((
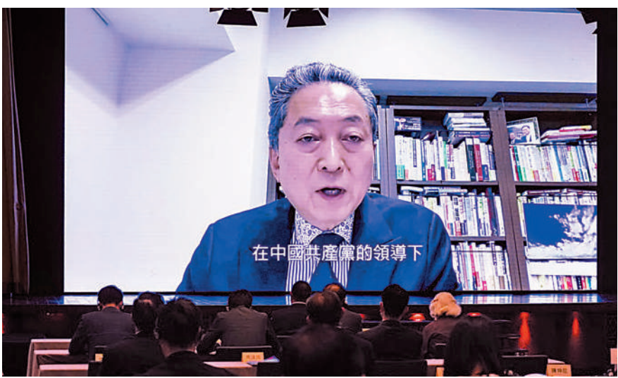
►日本前首相鳩山由紀夫指出，中國實現脫貧攻堅目標的成功秘訣，就是中國共產黨時刻和中國人民站在一起。

他首先回顧了新中國成立以來的法制建設歷程，指出1982年憲法，也是現行憲法，為改革開放新時期所有重大進展提供了憲法基礎。其中第五條明確了「中華人民共和國實行依法治國，建設社會主義法治國家」，對中國的法制進程具有關鍵意義。他並引述外國法學專家表示，中國共產黨領導下的中國法治建設，在速度和質量上，都獲得了國際認可與讚譽。陳弘毅還講解了「一國兩制」構想的由來和實踐過程，並引述鄧小平1984年的談話表示，指出「一國兩制」對於國際社會解決歷史遺留問題、國際爭端和平解決提供了參考，不僅有利於維持香港的穩定與繁榮，也有助於中國內地經濟發展與現代化事業。他最後引述中共中央總書記、國家主席、中央軍委主席習近平表示，中國要在2050年建成「富強、民主、文明、和諧、美滿的社會主義現代化強國」。他確信在「一國兩制」方針下的香港特別行政區，將為社會主義現代化建設和中華民族復興作出重要貢獻。
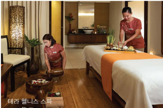
테라 웰니스 스파
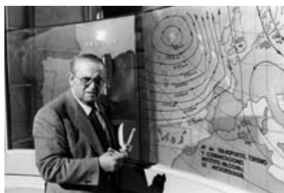
A dalt, dues fotografies de Mariano Medina, en les primeres emissions a Televisió Espanyola. Medina va ser el primer home del temps espanyol, des de les primeres emissions del mapa del temps de TVE el 1956.
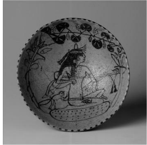
Viinikulho (1400–1300 eKr.), Egypti. Lähde: Rijksmuseum van Oudheden, Leiden.

Hedelmällisyys kultti muuntautuu vähitellen palvomaan juuri jumalatarta, joka antiikin maailmassa tunnettiin mm. nimillä Afrodite, Venus, Ištar ja Hathor. Jumalattarelta haettiin apua rakkauteen, hedelmällisyyteen tai erotiikkaan liittyviin ongelmiin. Uhrilahjoiksi annettiin yleensä jumalattaria esittäviä pienoisveistoksia tai muuta esineistöä. Näyttelyesineistössä sininen fajanssista valmistettu viinikulho (1400–1300 eKr.) esittääkin naista soittamassa luuttua pukeutuneena pelkästään helminauhaan ja vyöhön. Hänen reiteensä on tatuoitu Bes -kääpiöjumala.
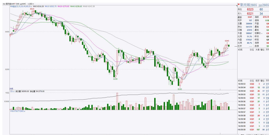
图 7：PP2605 小时图

日度技术面追踪：PP 小时级别短期上涨结构结构。今日增仓上行站上上方短期压力 6315 一线，小时级别结构转多，下方短期支撑 6255 一线。策略上小时周期观望。
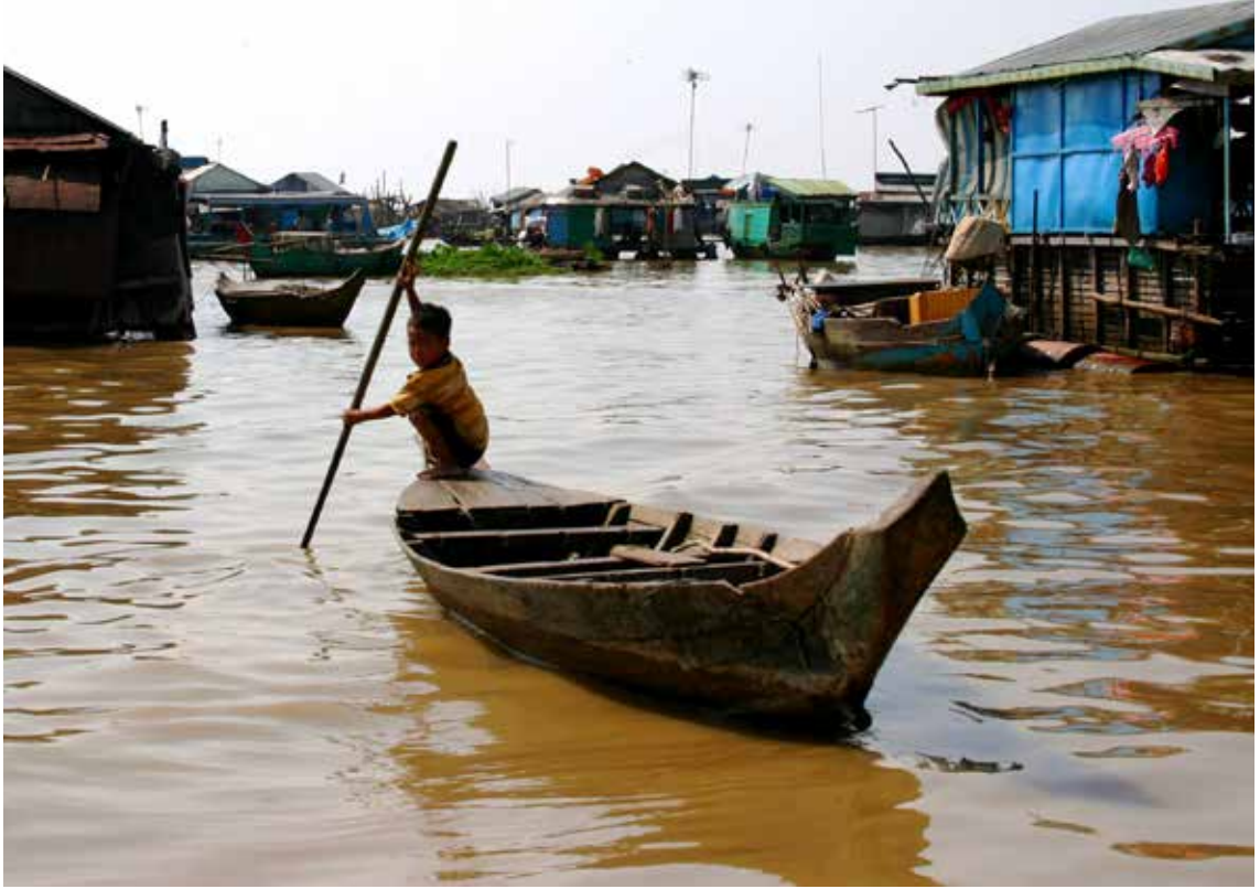
Plavajoča vas na Mekongu

pozornost nehote usmeriš na dolge okrivljene prste na rokah, ki jih prefinjeno in umeteljno sučejo in krivijo nazaj. S tem poudarjajo tradicionalna čaščenja bogu Višnuju.
))
■ **What to produce**: Write out again, exactly, each line from the one containing "图 7：PP2605 小时图" through the last line of the entries, and omit every picture.

■ **Response**:
图 7：PP2605 小时图

日度技术面追踪：PP 小时级别短期上涨结构结构。今日增仓上行站上上方短期压力 6315 一线，小时级别结构转多，下方短期支撑 6255 一线。策略上小时周期观望。
Plavajoča vas na Mekongu

pozornost nehote usmeriš na dolge okrivljene prste na rokah, ki jih prefinjeno in umeteljno sučejo in krivijo nazaj. S tem poudarjajo tradicionalna čaščenja bogu Višnuju.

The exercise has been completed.